The KM equivalent is never used for a simple reason, which is that for large
values of $z$ (assume wlog that $\beta$ is positive) $\lambda(t;z)$ may be
greater than 1, which in turn leads to a negative values of $1-\lambda$,
i.e., negative values for $S(t)$.
This most often occurs near the end of the curve, when the number at risk is 
small.

\section{Multi-state models}

For a multi-state hazards model with m states, there will be a family of
hazards, one for each possible transition from state $j$ to state $k$ 
($j \ne k$).
\begin{align*}
   \lambda_{jk}(t) &= \frac{dN_{jk}(t)}{\sum_i Y_{ij}(t)} \\
   \lambda_{jk}(t;z) &=\frac{dN_{jk}(t)}{\sum_i Y_{ij}(t) e^{(x_i- z)'\beta}}
\end{align*}
$N_{jk}$ counts the cumulative number of $j$ to $k$ transitions, and
$Y_{ij}(t)$ is 1 if subject $i$ is in state $j$ and at risk for a transition
(out of state $j$) at time $t$.
The first equation above defines the non-parametric hazard, and the second the
predicted hazard from a multi-state hazards model.
The coefficicient vector $\beta$ will often be different for each $j$:$k$ 
transition, but we have omitted that from the notation for simplicity.
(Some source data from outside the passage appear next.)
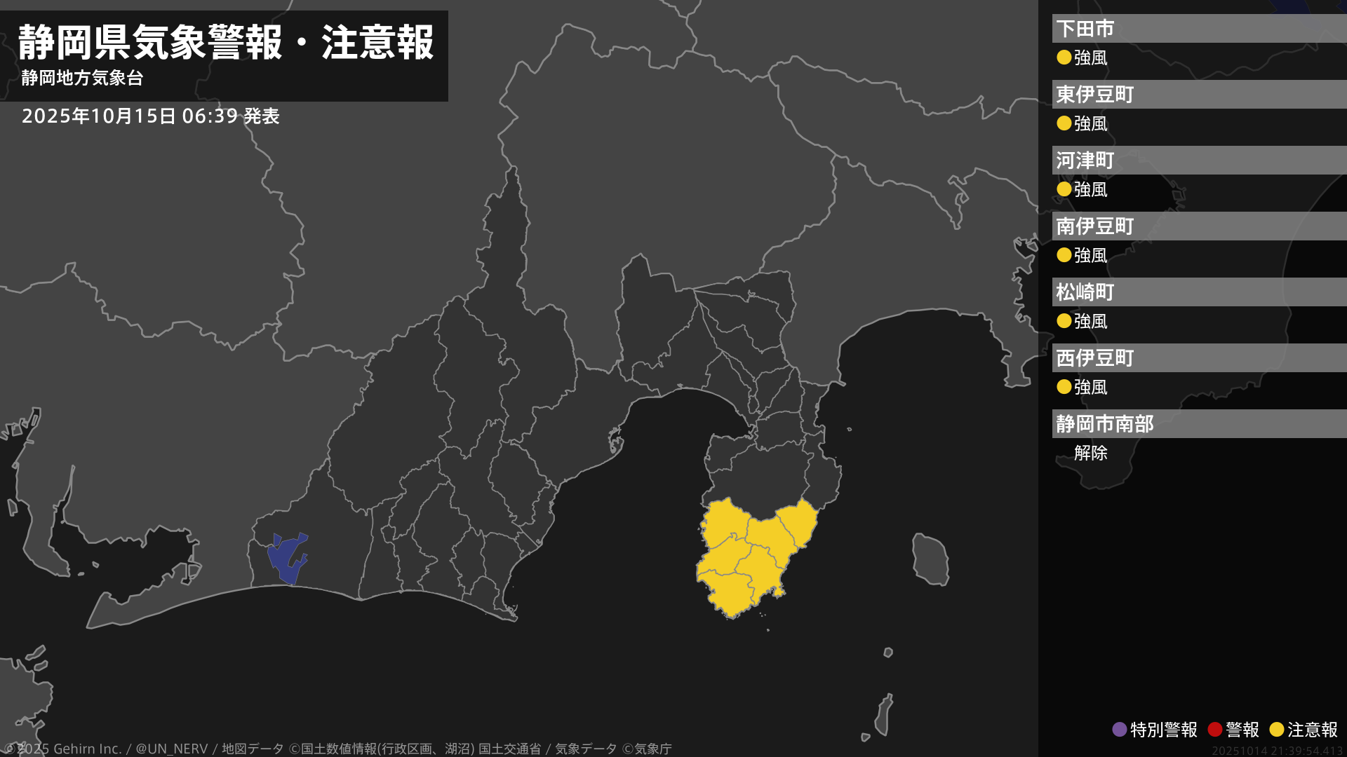 【静岡県 気象警報・注意報 2025年10月15日 06:39】
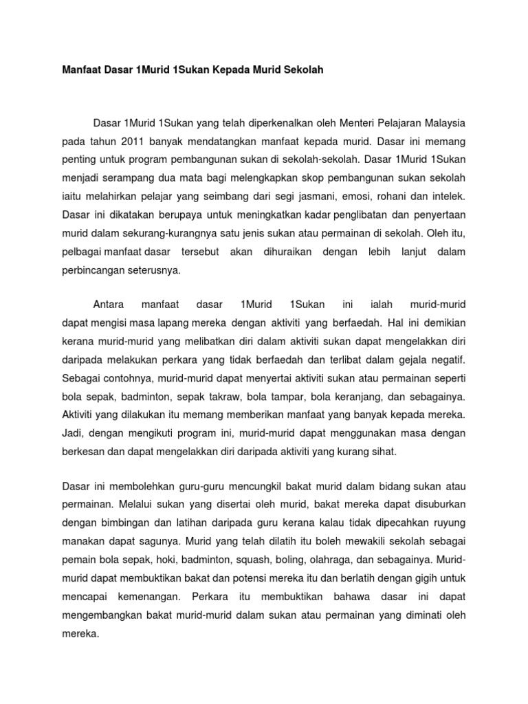 1murid 1 Sukan 1 Malaysia Essay In English Mupupd Veavkarna Info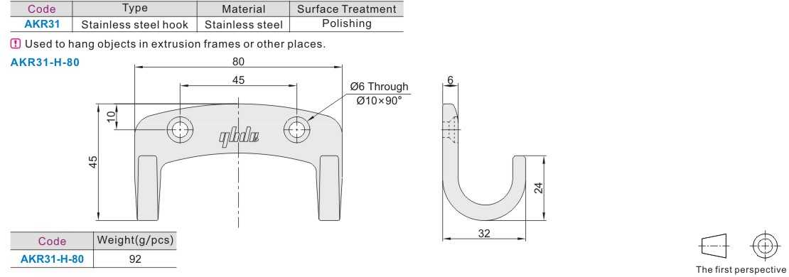 Home  Profiles and accessories  Aluminum Extrusion  General Accessories Of Extrusion Door Frame Part Stainless Steel Hook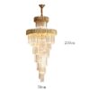 • Lighthead Type:E14 Number Of Light Sources:12/18/27 Color Categories:Gold.Black.Crystal,Gold.Gold.Crystal,Size 12 Head 45*150cm,18 Head 60*180cm,27 Head 70*210cm,Chain 50cm,Adjustable.Light Source:Without Light Source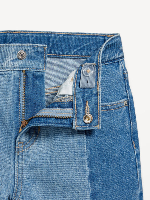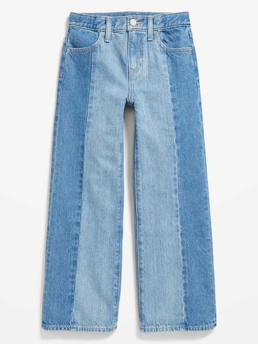 High-Waisted Two-Tone Baggy Wide-Leg Jeans for Girls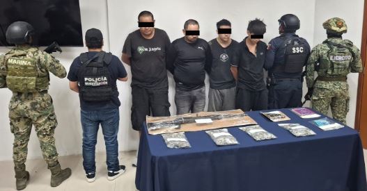En la acción también fueron detenidos Aarón “N”, Kevin Orlando “N” y Ever Eladio “N”. El operativo se realizó en la calle 33 Sur de la colonia Colonos Cuzamil, donde se aseguraron dosis de presunta marihuana, un arma larga y un arma corta calibre 9 mm, ambas con cargadores abastecidos y cartuchos útiles.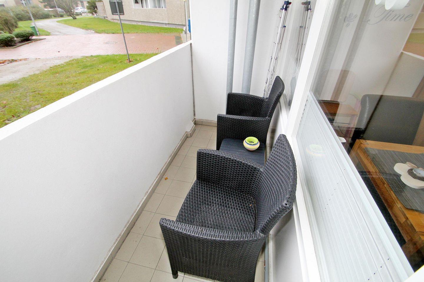 Der hell geflieste Balkon ist mit einer Sitzgarnitur ausgestattet.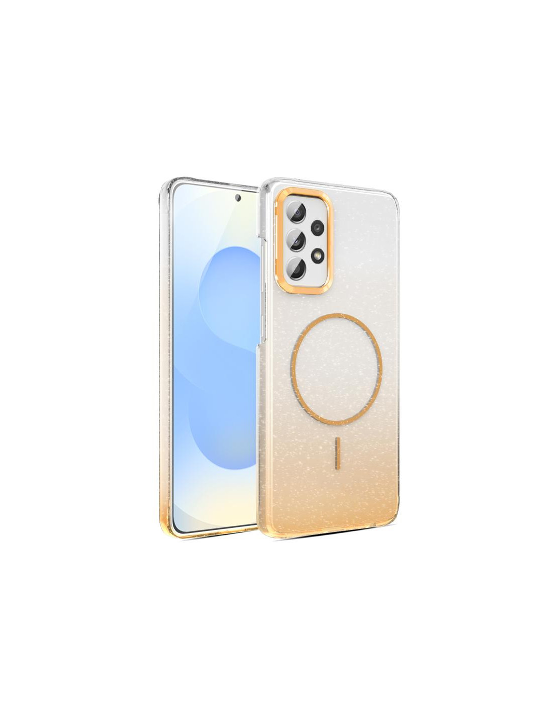 SamsungLa cover per Galaxy A52 5G di Melacompro combina stile e protezione con un design glitterato sfumato in tonalità oro e viola. Realizzata con tecnologia MagSafe, ti consente di utilizzare accessori magnetici compatibili e supporti per auto in tutta comodità.
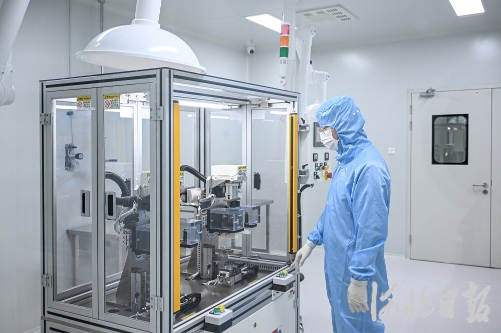 3月19日,雄安科创中心中试基地,北京瑞方清心医疗科技有限公司员工在高分子人工心脏瓣膜生产线上作业。

The $m$ by $m$ intensity matrix $A(t)$ is defined to have off diagonal elements
$A_{jk}(t) = \lambda_{jk}(t)$ and similarly for $A(t; z)$ based on the
multi-state hazards (Cox) model.
The diagonal element is defined such that each row sums to zero, 
$A_{jj} = -\sum_{k\ne j} \lambda_{jk}(t)$.
Two natural estimates of the probability in state are the Aalen-Johansen
and exponential estimates

\begin{align*}
  AJ(t) &= p(0) \prod_{s \le t} (I + A(s)) \\
  p(t)  &= p(0) \prod_{s \le t} e^{A(s)}
\end{align*}
Here $p(0)$ is the probabilty distribution at the starting time, which is
very often $(1, 0, 0, \ldots, 0)$, i.e., everyone starts in state 1,
and $e$ is the matrix exponential.  
For matrices, $\exp(A)\exp(B) != \exp(A+B)$ unless $AB= BA$, a condition that
will not hold for our models, so the second equation does not collapse to a sum.
For both estimates $\sum p(t) =1$ at all time points.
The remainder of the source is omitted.